[Available data — start]

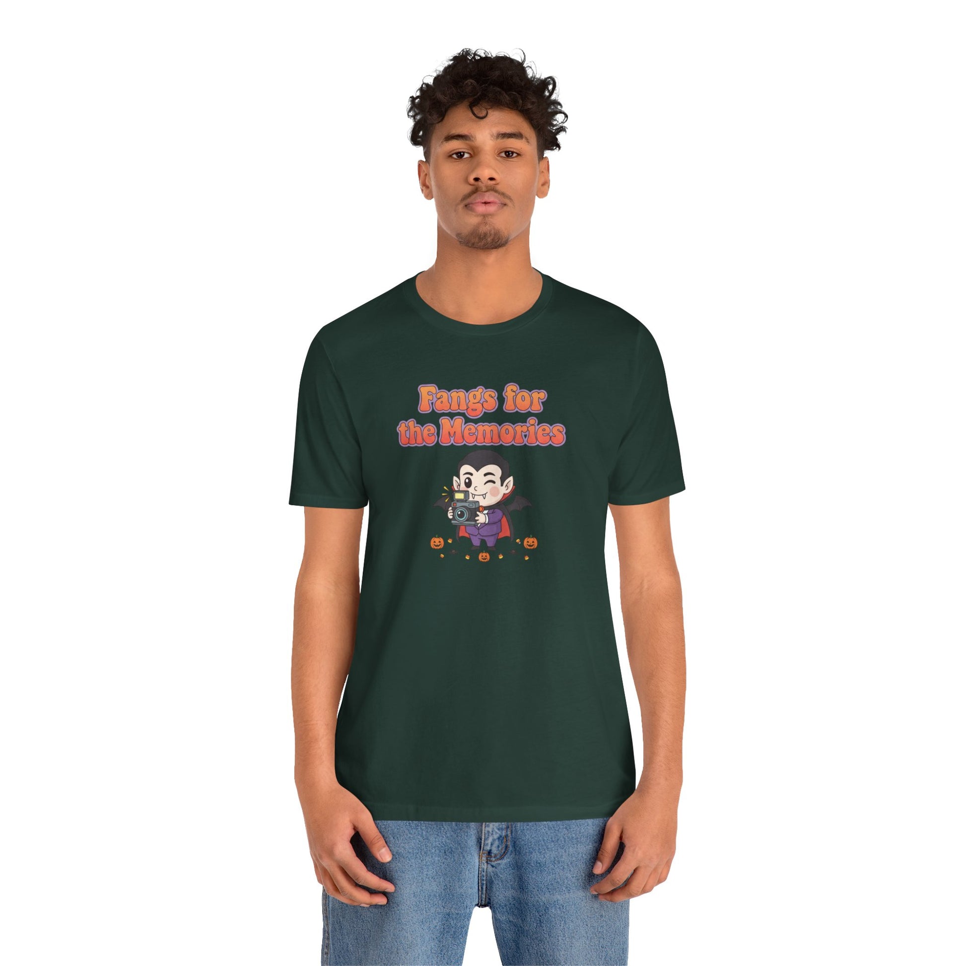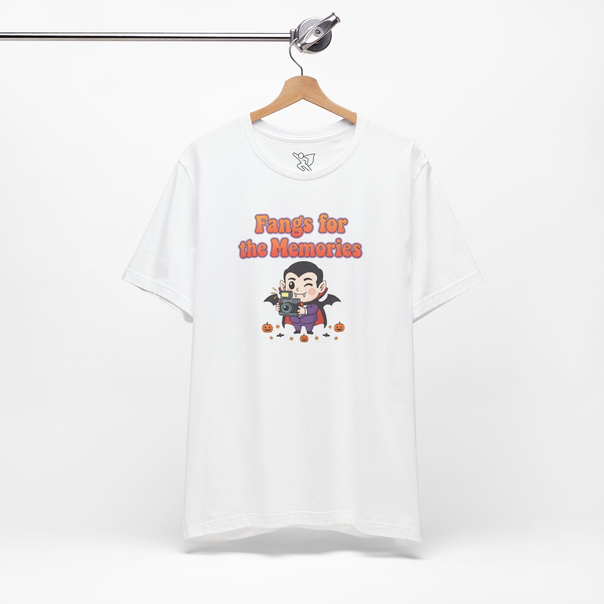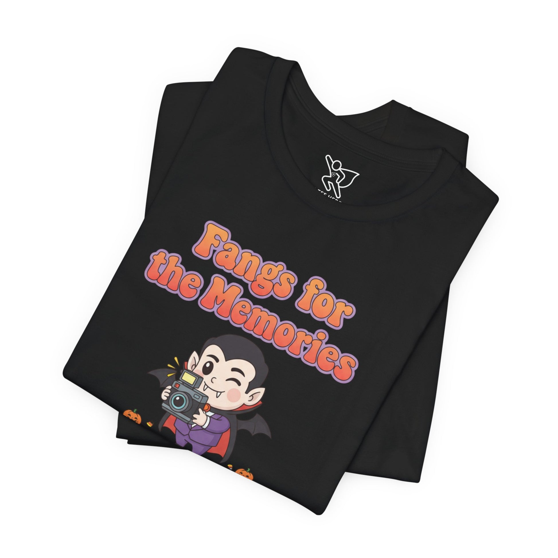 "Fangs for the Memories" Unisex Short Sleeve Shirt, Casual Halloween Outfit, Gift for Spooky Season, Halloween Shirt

[Available data — finish]
[Available data — start]

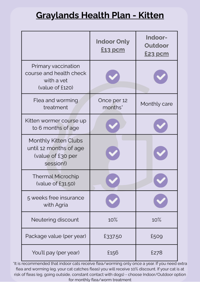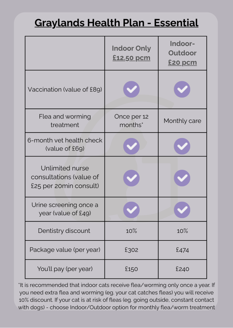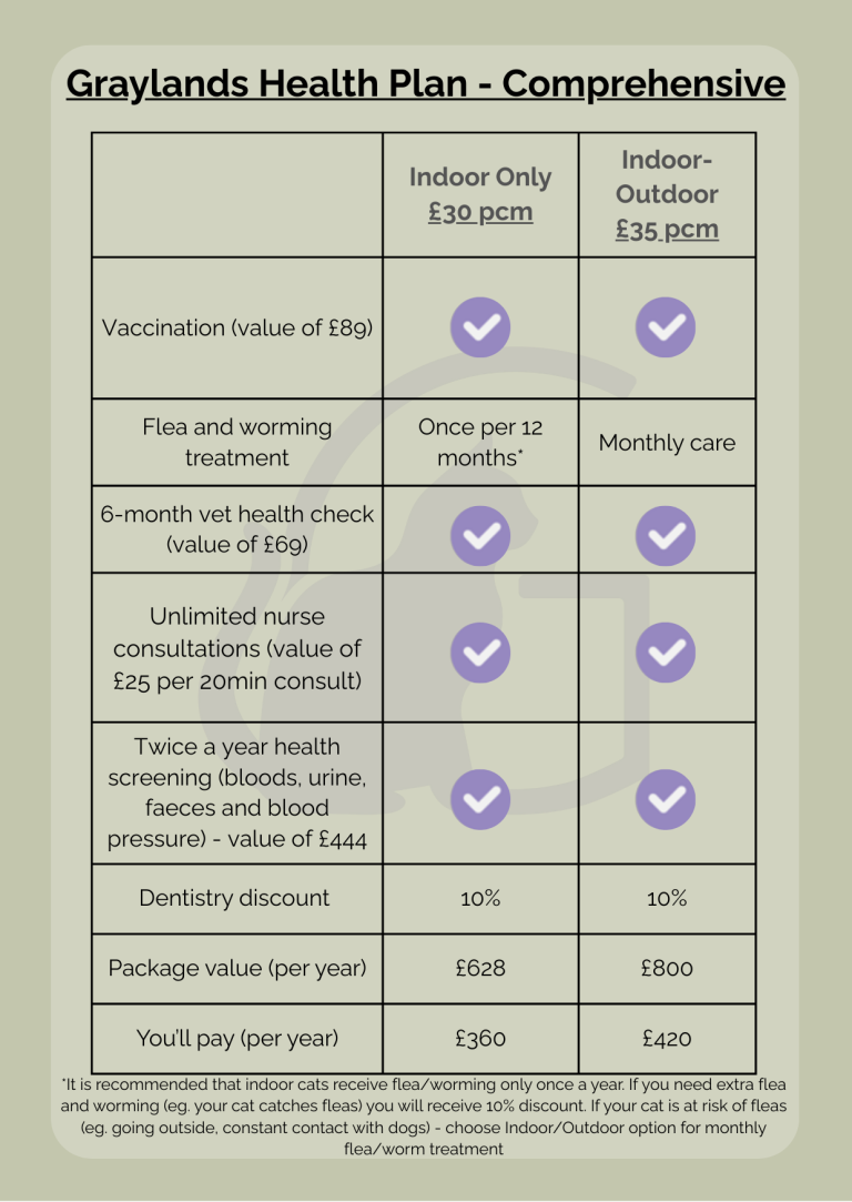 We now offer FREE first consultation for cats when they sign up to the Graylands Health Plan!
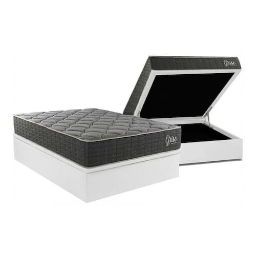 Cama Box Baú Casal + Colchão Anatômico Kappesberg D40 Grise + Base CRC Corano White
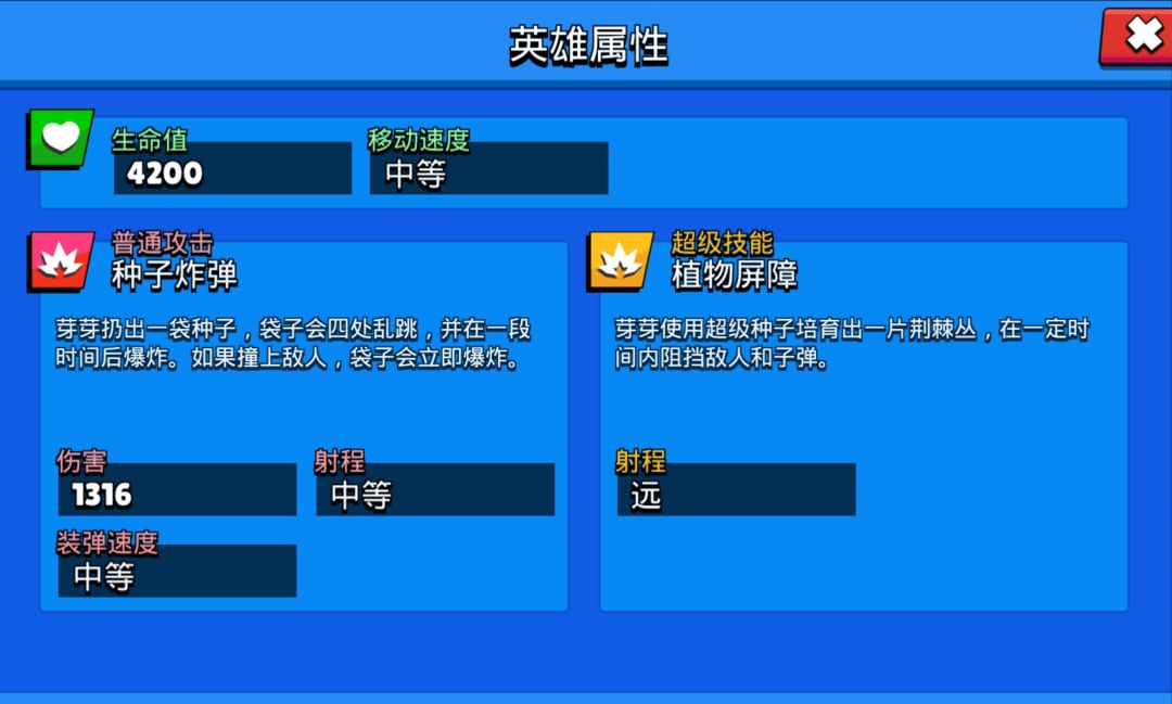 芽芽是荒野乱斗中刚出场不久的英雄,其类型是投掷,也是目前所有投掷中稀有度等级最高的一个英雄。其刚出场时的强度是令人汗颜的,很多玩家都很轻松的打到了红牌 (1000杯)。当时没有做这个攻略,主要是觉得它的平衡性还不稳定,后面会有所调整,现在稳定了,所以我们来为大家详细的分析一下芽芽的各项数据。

[Available data — finish]

▸ **Description of the task**: Print nothing except the lines above from the one containing "Cama Box Baú" down to the one containing "芽芽是荒野乱斗中刚出场不久的", both included, exactly as written and free of pictures.

▸ **Exercise answer**:
 Cama Box Baú Casal + Colchão Anatômico Kappesberg D40 Grise + Base CRC Corano White
 芽芽是荒野乱斗中刚出场不久的英雄,其类型是投掷,也是目前所有投掷中稀有度等级最高的一个英雄。其刚出场时的强度是令人汗颜的,很多玩家都很轻松的打到了红牌 (1000杯)。当时没有做这个攻略,主要是觉得它的平衡性还不稳定,后面会有所调整,现在稳定了,所以我们来为大家详细的分析一下芽芽的各项数据。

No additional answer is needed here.